Ludomedia è il social network per chi ama i videogiochi. Iscriviti per scoprire un nuovo modo di vivere la tua passione.

Violenza nei videogiochi, bisogna conoscere i limiti - editoriale

Sparare a una folla di studenti senza alcun senso può essere divertente? È una domanda che emerge spontanea dopo che uno sviluppatore che Valve ha definito un "troll", noto come Ata Berdiyev, ha provato a far pubblicare su Steam un "simulatore di sparatorie di massa nelle scuole" dal titolo Active Shooter. I frequenti casi di cronaca nera che ci arrivano dagli Stati Uniti sono un contesto troppo delicato per un prodotto di questo genere. È subito scattata la denuncia di Infer Trust, associazione che fornisce supporto e consulenza a chi ha sofferto di violenza causata dalle armi. Difendendo il suo operato l'autore del gioco ha consigliato di "non prenderlo seriamente. È da prendere solo come una simulazione e nient'altro".

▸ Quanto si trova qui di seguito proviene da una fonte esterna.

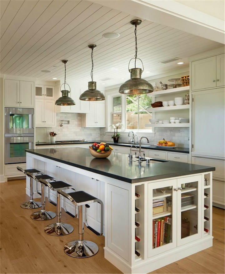 4.??中島型:有更多的操作臺面和儲物空間,中島柜可用作料理臺、餐桌、酒柜,非常實用。
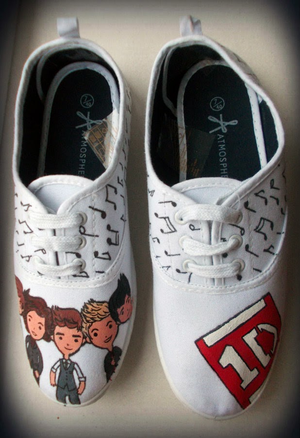 Z muzycznych rzeczy ostatnio malowałam...tenisówki z One Direction xD Nasz klient, nasz pan. Przedstawiają się tak:
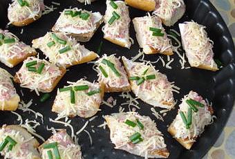 Découper votre baguette en petits morceaux ,mixer votre jambon ,votre fromage de chèvre ,poivrez .Tartiner le morceaux de pain avec votre mixture ,parsemer de gruyère râpé ,quelques tiges de ciboules coupées .
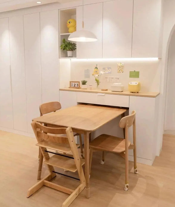 很多小戶型的餐廳都小,放下一桌四椅后過道又變窄了,這時候選擇設(shè)計卡座最合適不過。
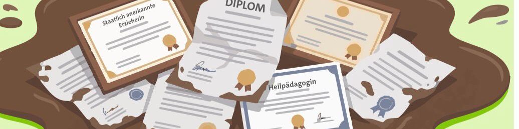 ​Fachkraft-Qualität im Schlamm: Wir wehren uns dagegen, dass wertvolle pädagogische Diplome und Abschlüsse durch prekäre Rahmenbedingungen entwertet werden.
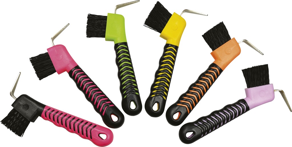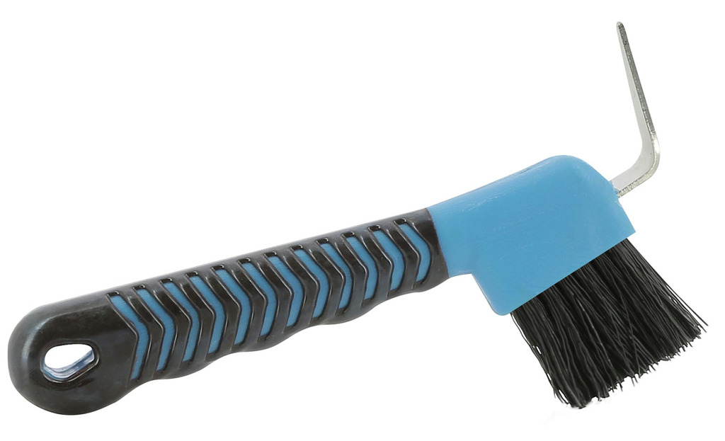 Cure-pieds brosse en plastique avec manche recouvert P.V.C. antidérapant.
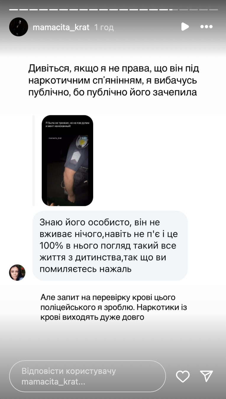 После того, как люди начали писать, что полицейский на видео всегда имеет такое выражение лица, Анастасия пообещала забрать свои слова обратно и попросить прощения, если тест на запрещенные вещества будет отрицательный.
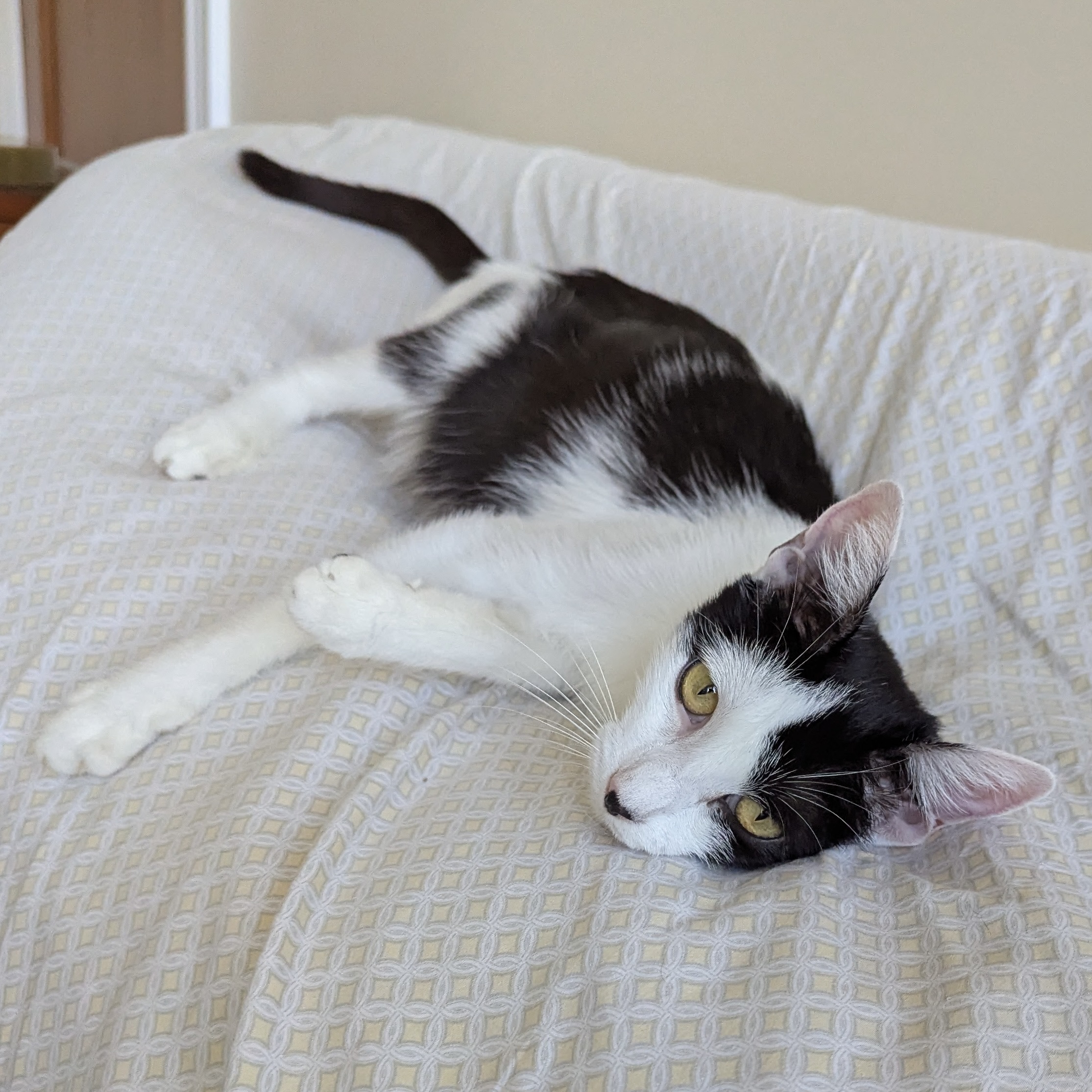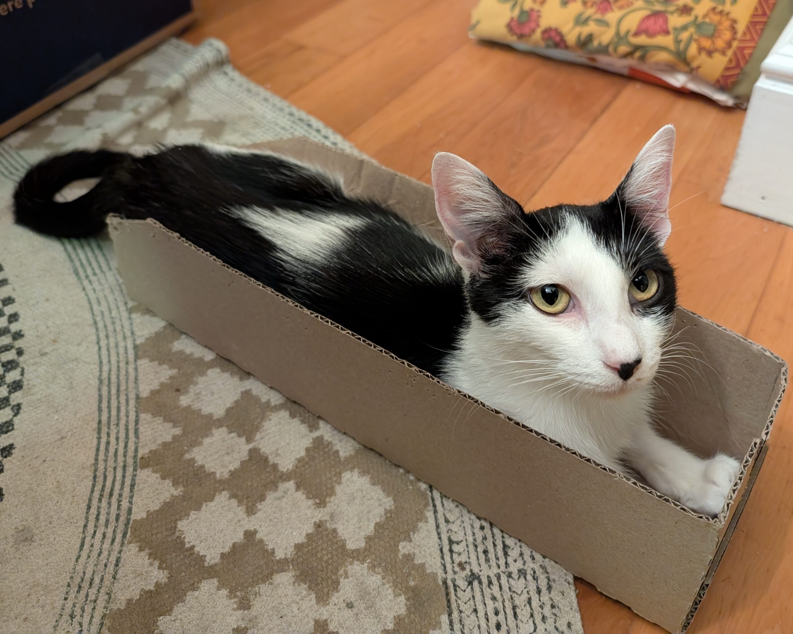 Once you break through her initial skepticism, she’s an absolute lover girl: purring so loud it’s almost as if she’s purring in two octaves at once; leaning up against your leg when you’re sitting down; and, if she doesn’t feel like you’re petting her enough for her liking, even grabbing your hand in her paw and smushing her little face all over you until you get the hint.
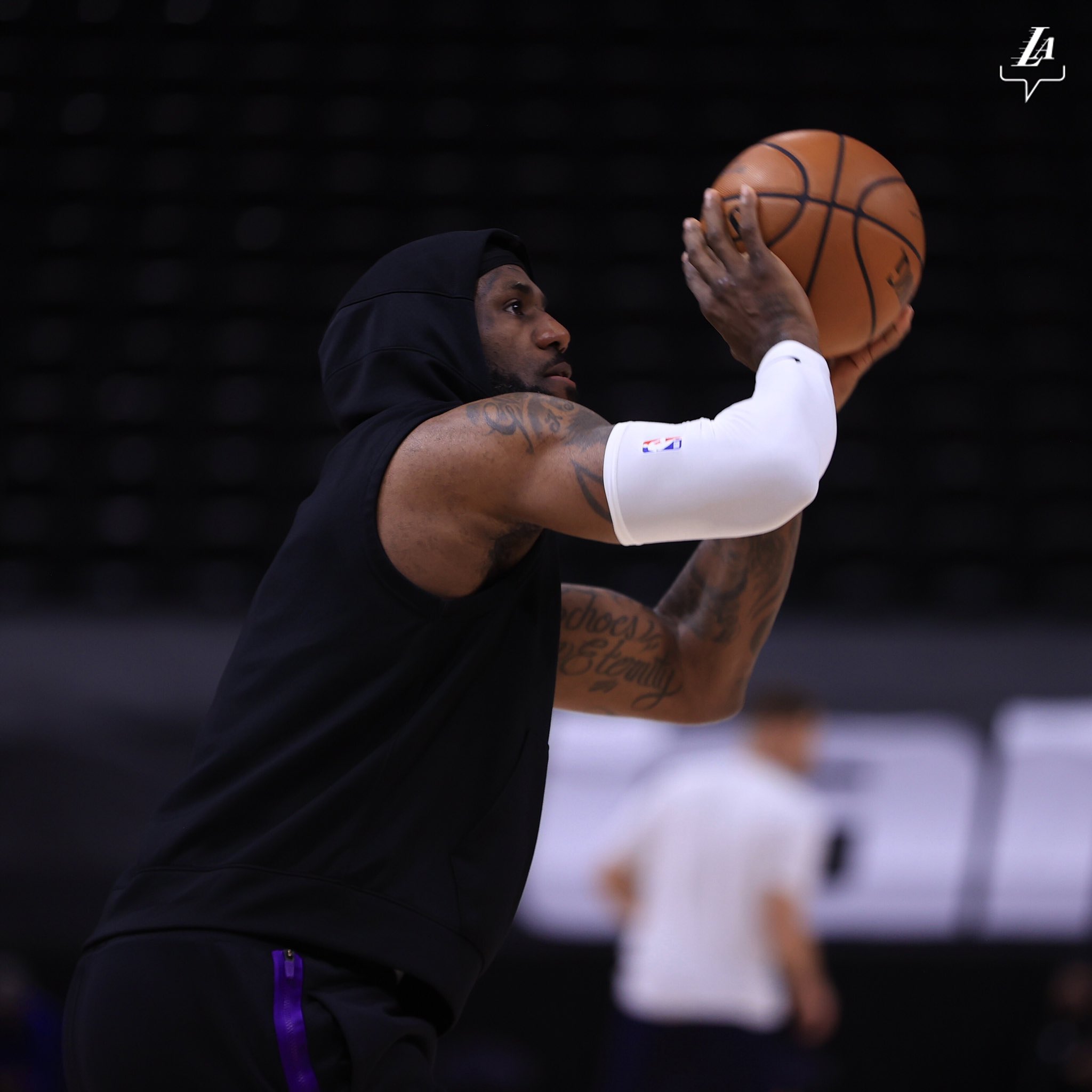 找回手感!湖人官推晒詹姆斯投篮热身照:赛前工作

Si poteva vestire i panni sia dell'operatore SWAT che deve intervenire sia di chi, invece, sta sparando sugli innocenti. È soprattutto quest'ultima possibilità ad aver alzato il polverone.



C'è poco da dire: Active Shooter era un'operazione bieca, spudoratamente finalizzata a proporre soltanto degli asset di un motore grafico leggermente modificato per provare a guadagnare qualche soldo a costo quasi zero, una pratica nota come "asset-flipping". Il fatto, però, riporta alla luce un discorso che deve essere affrontato: quanto in là è giusto che il videogioco si spinga quando si tratta di rappresentare eventi reali di violenza? Siamo pronti per supportare e sopportare esperienze interattive che facciano della violenza gratuita legata a fatti reali un semplice divertimento? Soprattutto dovremmo mai essere pronti ad accettarlo?